[GRASS5] help on d.area...

Well, nobody will mistake me for a graphics programmer...

I'm still having a bit of trouble with making d.area
work well (and jibe with d.vect).

The problems are:

  1. d.area uses a different method than d.vect for map to
      screen coordinate transformations. This results in
      output that is skewed by a pixel here and there.

  2. d.area does not clip polygons to the window, and there
      doesn't appear to be any code in the GRASS libes that
      can properly clip polygons that will be flood filled
      (I've got the line clipping part...).

  3. The "screenpoly" method for dealing with holes has at
      least an exponential growth in time -- meaning large
      complex data sets with lots of holes take a ridiculous
      amount of time to draw. I also think the routines are
      flawed for some border cases...

Number one can be handled by using the same drawing routines
as d.vect (G_line, G_polygon). But! Polygon clipping is
still an issue (#2). Also, the "screenpoly" code would have
to be rewritten to work on doubles rather than ints...

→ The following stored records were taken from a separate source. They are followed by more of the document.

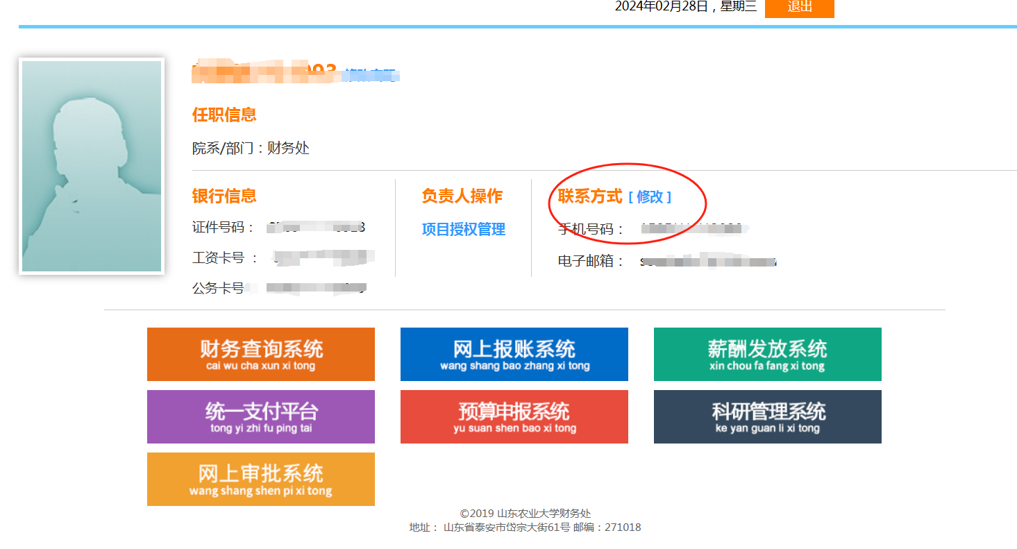 因新版个人所得税系统开始校验纳税人本人手机号,我校“薪酬发放系统”同时升级(设置没有手机号就不能预约,并且手机号唯一、不允许重复)。请各位老师登录财务办公平台,于下周一前更新本人在用手机号(原来登记的固定电话号码请一并维护更新)。
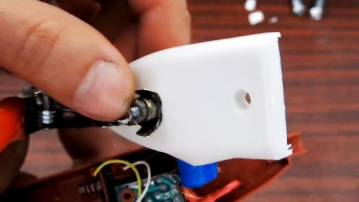 Второй провод нужно вывести сбоку. Для этого сверлится отдельное отверстие. Чтобы он меньше изнашивался, его стоит защитить от излома термоусадкой. На конце провода закрепляется маленький зажим. Скорей всего длины имеющегося проводка будет недоставать, тогда до монтажа термоусадки и зажима придется его нарастить небольшим отрезком в 15 см.
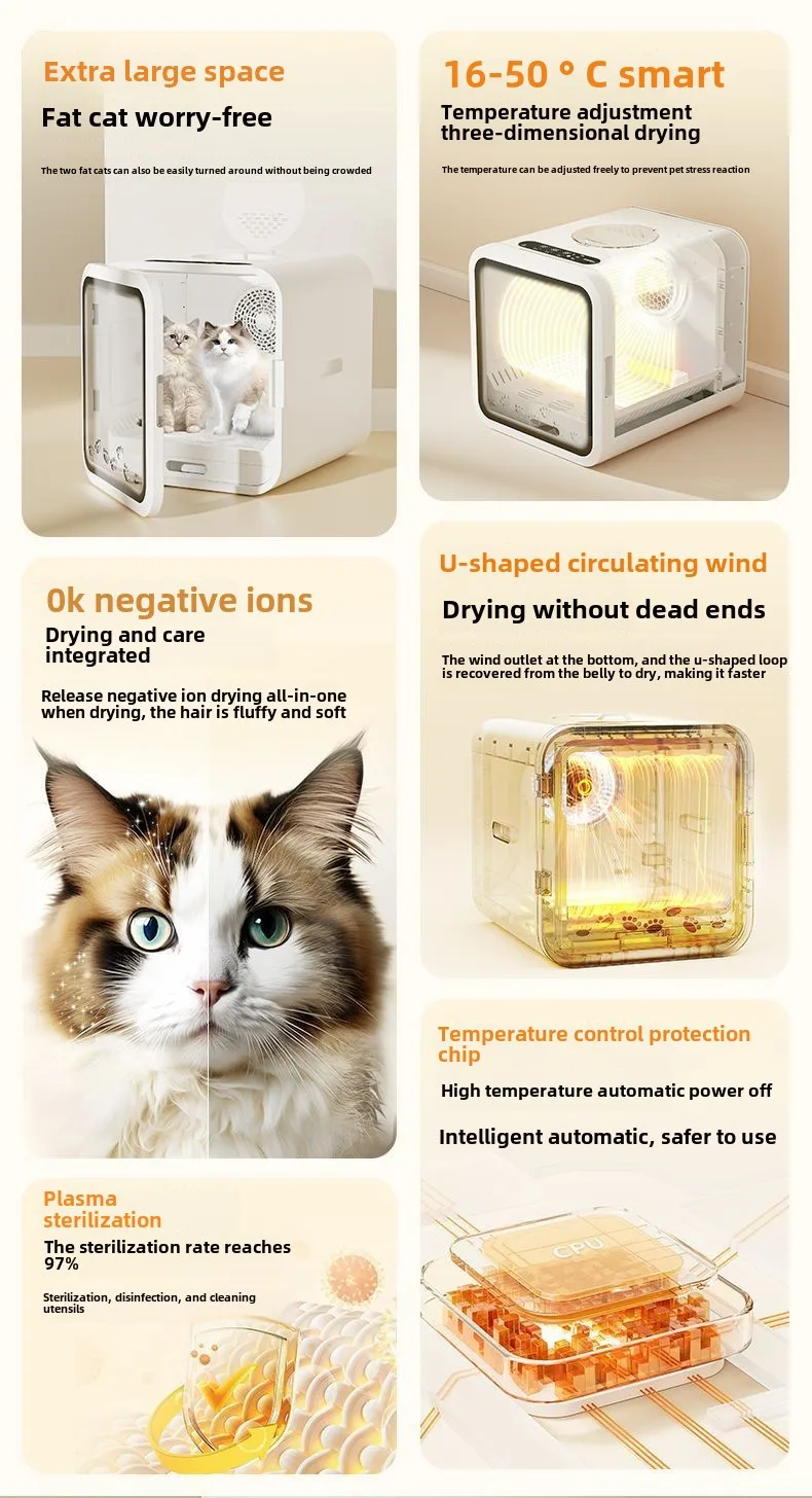 Automatic Pet Dryer Box Ultra Quiet Smart Temperature Control 360° Efficient for Cats Small Dogs Small Household Water Blower
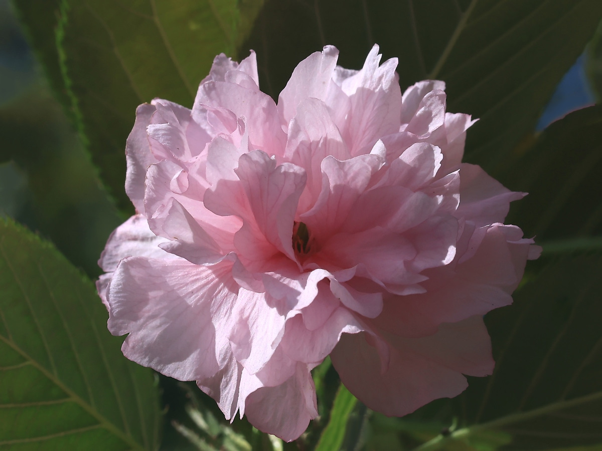MEMO: 花時期も終わりに近づいた八重桜で、花の中心の紅色が 濃くなってきており、花弁も少しくすみかけてきています
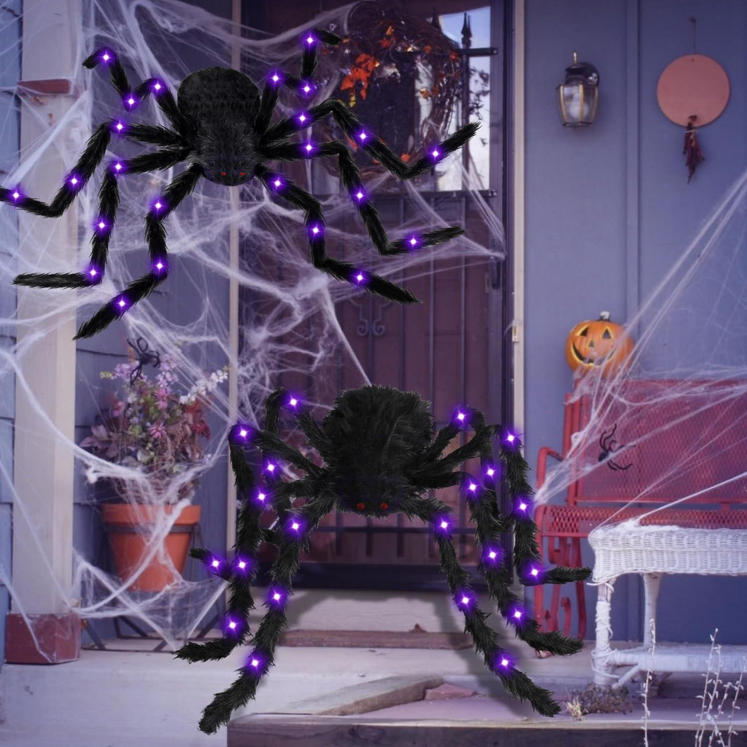 Halloween glowing large plush spider web outdoor decoration, fuzzy spider prop, visually striking and extremely spooky, spider legs can be bent and shaped, foldable for easy storage, suitable for Halloween home entrance decoration and party venue setup.

I haven't made any significant progress on a polygon clipper
that doesn't leave spurious edge lines (apparently the CELL,
and PNG drivers will do a 1 pixel line -- even those forward
and backwards lines are colinear -- but X handles this
scenario correctly). Note: this regards the fill portion,
not the border lines (if drawn).

My thought for improving the handling of holes, was to
dismember the polygons by splitting each by lines
cutting through each of the holes, and then reconstructing
several resultant polygons from the edges. The idea is
to reduce the amount of traversal through the vertex
arrays and reduce the number of operations necessary to
perform the task. Any X or Y line will do for the cutting,
and that part isn't so difficult, it's reconstruction that
I haven't quite figured out...

In the long run, it might be better to handle this type of
operation in the display library, as it can probably be
handled more efficiently through a scanbeam algorithm.
However, this would require an extension to the drawing
commands to do a multi-polygon draw. Proper "window"
clipping could also be handled more easily this way
though GRASS definitely needs some general vector set
operation routines (intersect/union/difference/...).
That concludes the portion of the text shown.